═════ Provided entries

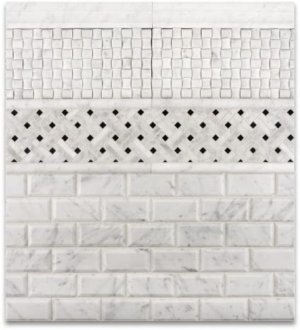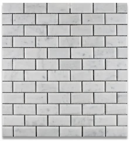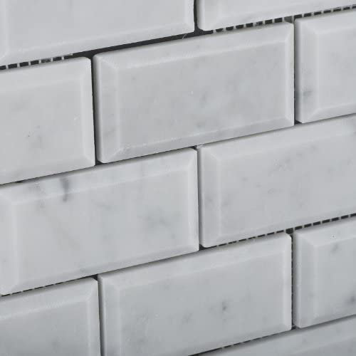 - 50 sq. ft. of Premium Bianco Carrara White Marble 2 X 4 Honed & Beveled Brick Mosaic Tile
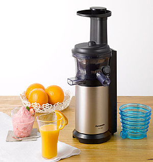 パナソニックのVITAMINESERVER低速ジューサーMJ-L500、低速回転で、ビタミンC豊富なフレッシュジュースを作る「低速圧縮絞り方式」を採用。フローズンスイーツもできて一台二役!
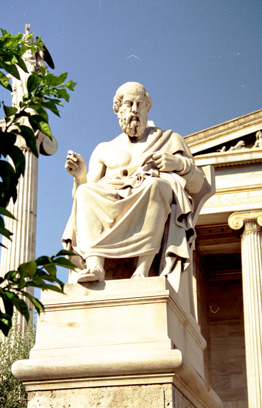 古代アテネの哲学者。信仰されていたデルフィのアポロの神託で「ソクラテスより知恵のある者はいない。」と言われたことを知り、その真偽をたしかめようと様々な人々と対話するが、皆「善悪」のことがわかっていなかった。そこで彼は「私は何が善かを知らないが、知らないということは知っている。他の人は自ら知らないことすらわかってない。私は知らないということを知っているという点で他の人より知恵があるということだろう。」と考えた。そして人々に無知をわからせ、真の善を考えるよう問答を進めた。しかし、裁判にかけられ、「国家を傾ける者」として死刑判決を受けた。結局、自ら毒杯を飲み、刑に服した。
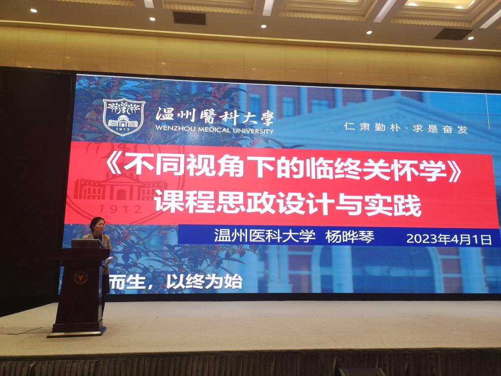 杨晔琴老师在浙江省高校课程思政教学活动总结表彰会中分享了《不同视角下的临终关怀学》课程思政设计与实践。
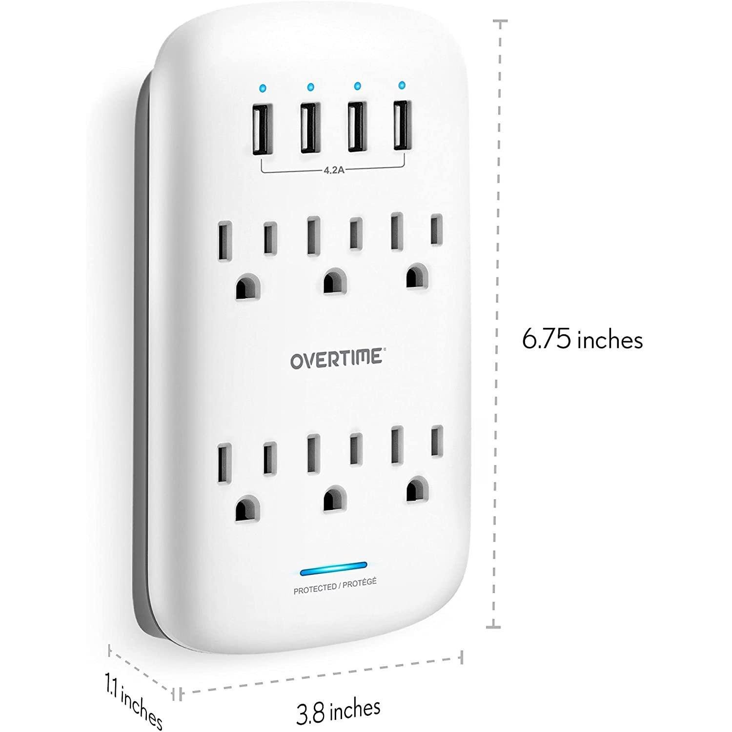 This multi-plug wall outlet can be easily plugged into any AC wall outlet. instantly transforming one wall socket into four USB Type-A ports as well as six AC outlets. Our electrical outlet extender is also incredibly small and compact. sitting right up against your wall so that it doesn’t take up any extra space or lay across the ground and becoming a possible tripping hazard like some wall outlet surge protectors. Providing numerous safety features such as surge protection. our wall outlet with USB ports is the ultimate space and outlet saving solution.
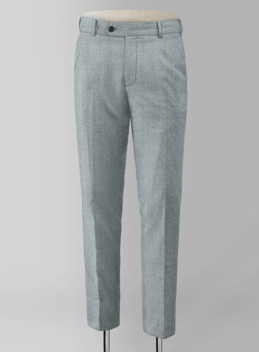 Don a luxurious and stylish piece of couture that will boost your impressive personality to incredible heights of excellence. Tailored with wool blend, our Italian Wide Herringbone Light Tweed Pants have a premium trait with its wide herringbone pattern that offers a choice to excel with your most cherished quality. Moreover, its light blue shade will give your closet a new and fresh perspective. So grab this piece that has quality offering you a chance to be the most stylish person in the room
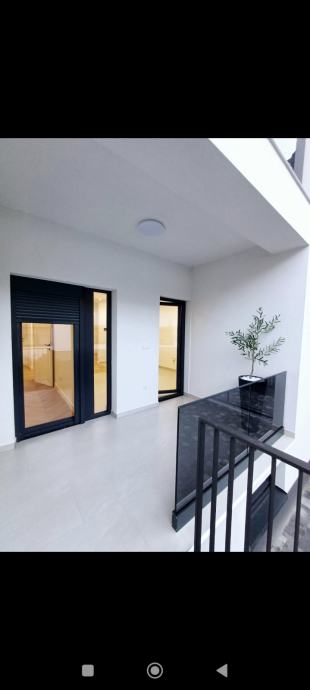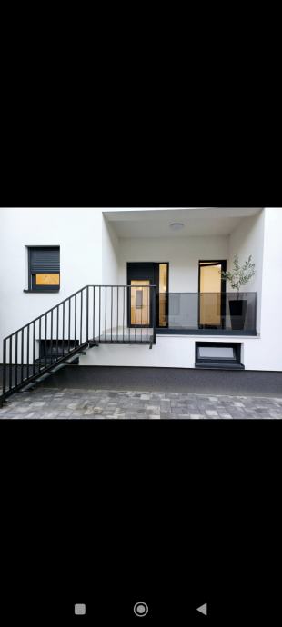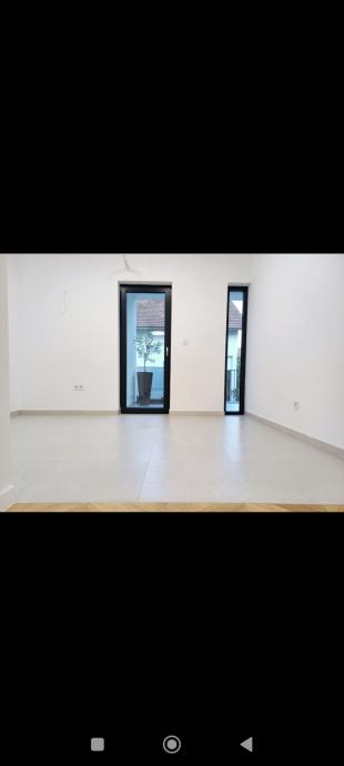 Sastoji se od dnevnog boravka, dvije spavaće sobe od kojih jedna ima dodatni prostor/ugradbeni ormar, kuhinje, kupaonice i blagovaonice te lođe koja je stepenicama povezana s u dvorištem površine 60m2 koje pripada stanu. Iz dvorišta se ulazi u grijani spremišni prostor veličine 25 m2 koji također pripada stanu.
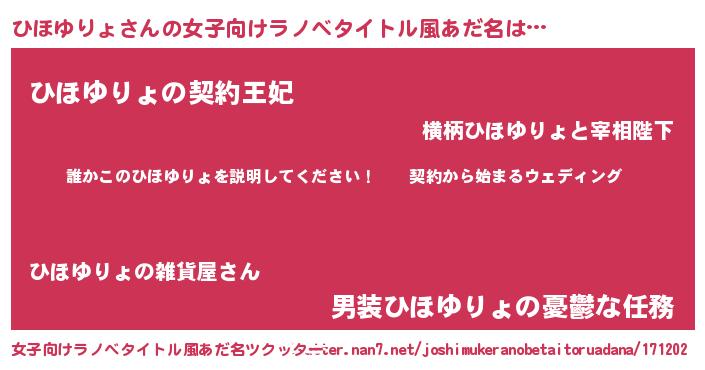 | 胡散臭い通販商品みたいなあだ名 | 『億万長者になれる水晶球…その名も「ひほゆりょ」』 |
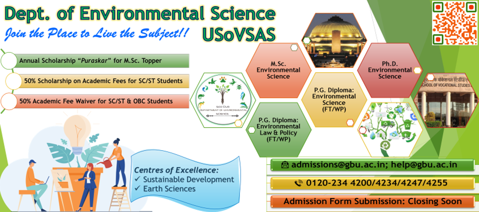 The Department of Environmental Science came into existence under the School of Vocational Studies and Applied Sciences at the Gautam Buddha University in July 2011. At present, the Department offers four (04) academic programs M.Sc. Environmental Science (15 Seats), Ph.D. in Environmental Science (Full Time and Working Professional), Post Graduate Diploma in Environmental Management (Full time/Working Professional, 10 Seats), and Post Graduate Diploma in Environmental Law and Policy (Full time/Working Professional, 10 Seats).

══════════

▶ **To do**
Leave out the pictures. Return exactly the lines from the first line of the records to the line bearing "杨晔琴老师在浙江省高校课程思", inclusive.

▶ **Problem solution**
 - 50 sq. ft. of Premium Bianco Carrara White Marble 2 X 4 Honed & Beveled Brick Mosaic Tile
 パナソニックのVITAMINESERVER低速ジューサーMJ-L500、低速回転で、ビタミンC豊富なフレッシュジュースを作る「低速圧縮絞り方式」を採用。フローズンスイーツもできて一台二役!
 古代アテネの哲学者。信仰されていたデルフィのアポロの神託で「ソクラテスより知恵のある者はいない。」と言われたことを知り、その真偽をたしかめようと様々な人々と対話するが、皆「善悪」のことがわかっていなかった。そこで彼は「私は何が善かを知らないが、知らないということは知っている。他の人は自ら知らないことすらわかってない。私は知らないということを知っているという点で他の人より知恵があるということだろう。」と考えた。そして人々に無知をわからせ、真の善を考えるよう問答を進めた。しかし、裁判にかけられ、「国家を傾ける者」として死刑判決を受けた。結局、自ら毒杯を飲み、刑に服した。
 杨晔琴老师在浙江省高校课程思政教学活动总结表彰会中分享了《不同视角下的临终关怀学》课程思政设计与实践。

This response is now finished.